This system is only solvable if \(w\in\text{im}(M)=\text{ker}(M^{T})^{\perp}=(-3,6,4,6,12)^{\perp}\), i.e., if the equation \(-3w_{1}+6w_{2}+4w_{3}+6w_{4}+12w_{5}=0\) holds, which means that \(12\mu=3a\alpha+6(a\beta+\alpha b)+4(a\gamma+c\alpha+4b\beta)+12(b\gamma+c\beta)+12c\gamma\) or else

$$12\mu\ =\ \left[\begin{matrix}a&b&c\end{matrix}\right]\left[\begin{matrix}3&6&4\\ 6&16&12\\ 4&12&12\end{matrix}\right]\left[\begin{matrix}\alpha\\ \beta\\ \gamma\end{matrix}\right]\ =\ u^{T}\left[\begin{matrix}3&6&4\\ 6&16&12\\ 4&12&12\end{matrix}\right]v$$
(19)

where \(u:=(a,b,c)^{T}\) and \(v:=(\alpha,\beta,\gamma)^{T}\). A straightforward Gaussian elimination then yields \(A,B,C,D,E\) in terms of \(\mu\), \(u\) and \(v\). In summary, we arrive at the equations

$$\begin{aligned}\displaystyle\mu&\displaystyle=\ {1\over{12}}\,u^{T}\!\left[\begin{matrix}3&6&4\\ 6&16&12\\ 4&12&12\end{matrix}\right]\!v,\\ \displaystyle A&\displaystyle=\ 4E-4\mu-{1\over 6}\,u^{T}\!\left[\begin{matrix}0&\!3&\!1\\ 3&\!4&\!6\\ 1&\!6&\!0\end{matrix}\right]\!v\ =\ 4E-{1\over 2}\,u^{T}\!\left[\begin{matrix}2&\!5&\!3\\ 5&\!12&\!10\\ 3&\!10&\!8\end{matrix}\right]\!v,\\ \displaystyle B&\displaystyle=\ -8E-4\mu+{1\over 6}\,u^{T}\!\left[\begin{matrix}3&\!6&\!2\\ 6&\!8&\!12\\ 2&\!12&\!0\end{matrix}\right]\!v\ =\ -8E-{1\over 2}\,u^{T}\!\left[\begin{matrix}1&\!2&\!2\\ 2&\!8&\!4\\ 2&\!4&\!8\end{matrix}\right]\!v,\\ \displaystyle C&\displaystyle=\ 8E+{{17}\over 2}\mu-{1\over{12}}\,u^{T}\!\left[\begin{matrix}3&\!6&\!4\\ 6&\!16&\!24\\ 4&\!24&\!0\end{matrix}\right]\!v\ =\ 8E+{1\over 8}\,u^{T}\!\left[\begin{matrix}15&\!30&\!20\\ 30&\!80&\!52\\ 20&\!52&\!68\end{matrix}\right]\!v,\\ \displaystyle D&\displaystyle=\ -4E-4\mu+{1\over{12}}\,u^{T}\!\left[\begin{matrix}3&\!6&\!4\\ 6&\!16&\!12\\ 4&\!12&\!0\end{matrix}\right]\!v\ =\ -4E-{1\over 4}\,u^{T}\!\left[\begin{matrix}3&\!6&\!4\\ 6&\!16&\!12\\ 4&\!12&\!16\end{matrix}\right]\!v\end{aligned}$$
(20)

in which \(E\) can be arbitrarily chosen, reflecting the fact that \(M\) has the one-dimensional kernel \(\text{ker}(M)={\mathbb{R}}\,(4,-8,8,-4,1)^{T}\).

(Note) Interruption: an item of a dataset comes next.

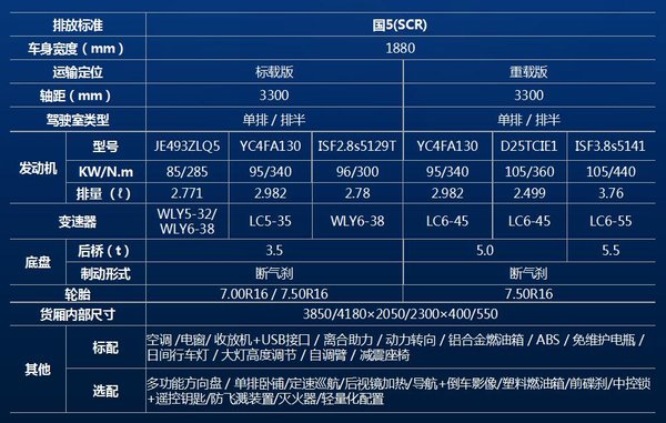在动力部分,泓图300目前有江西五十铃2.8,云内2.5、3.0,康明斯2.8、3.8等发动机可选,匹配万里扬5挡、6挡,六安5挡、六安6挡多款变速箱,和3.5吨、5吨及5.5吨级别后桥。全系标配气刹配置。

Now it is obvious that the number \(\mu\) defined by (19) is automatically nonnegative if \(a,b,c,\alpha,\beta,\gamma\geq 0\). Moreover, since the matrix occurring in (19) is positive definite (with eigenvalues \(0<\lambda_{1}<\lambda_{2}<\lambda_{3}\) given by \(\lambda_{1}\approx 0.492\), \(\lambda_{2}\approx 2.304\) and \(\lambda_{3}\approx 28.204\)), we conclude that \(\mu\) is necessarily positive if \((\alpha,\beta,\gamma)=(a,b,c)\not=(0,0,0)\) even if \(\beta=b<0\). However, something much more general is true: Whenever the conditions \(a,c,\alpha,\gamma\geq 0\), \(ac\geq b^{2}\) and \(\alpha\gamma\geq\beta^{2}\) are satisfied, then the number \(\mu\) defined by (19) is automatically nonnegative, and it is strictly positive unless \((a,b,c)=(0,0,0)\) or \((\alpha,\beta,\gamma)=(0,0,0)\). (This can be established by denoting the right-hand side of (19) by \(f(a,b,c,\alpha,\beta,\gamma)\) and then determining the minimum of \(f\) under the constraints \(a,b,\alpha,\gamma\geq 0\), \(ac\geq b^{2}\) and \(\alpha\gamma\geq\beta^{2}\), distinguishing various cases as to which of the constraints are active.) Thus we arrive at the following result (which, as we emphasize, is of a purely local character).

Proposition

If \(V\) is an analytic Lyapunov function for the equilibrium point \((0,0)\) of Eq. ( 3 ), then there are numbers \(a\) , \(b\) , \(c\) , \(\alpha\) , \(\beta\) , \(\gamma\) satisfying the inequalities \(a,c,\alpha,\gamma\geq 0\) , \(ac\geq b^{2}\) and \(\alpha\gamma\geq\beta^{2}\) and a real number \(E\) such that

$$\begin{aligned}\displaystyle V^{(2)}(x,y)&\displaystyle=\ \mu\cdot(6x^{2}-6xy+3y^{2}),\\ \displaystyle V^{(3)}(x,y)&\displaystyle=\ \mu\cdot(-2x^{3}+12x^{2}y-9xy^{2}+2y^{3}),\\ \displaystyle V^{(4)}(x,y)&\displaystyle=\ Ax^{4}+Bx^{3}y+Cx^{2}y^{2}+Dxy^{3}+Ey^{4}\end{aligned}$$
(21)

where \(\mu,A,B,C,D\) are determined from ( 20 ) . Conversely, if \(a\) , \(b\) , \(c\) , \(\alpha\) , \(\beta\) , \(\gamma\) are any numbers satisfying the strict inequalities \(a,c,\alpha,\gamma> 0\) , \(ac> b^{2}\) and \(\alpha\gamma> \beta^{2}\) , if \(E\) is an arbitrary real number and if \(\mu,A,B,C,D\) are determined from ( 20 ) , then any analytic function \(V=\sum_{k\geq 2}V^{(k)}\) satisfying ( 21 ) is a strict Lyapunov function.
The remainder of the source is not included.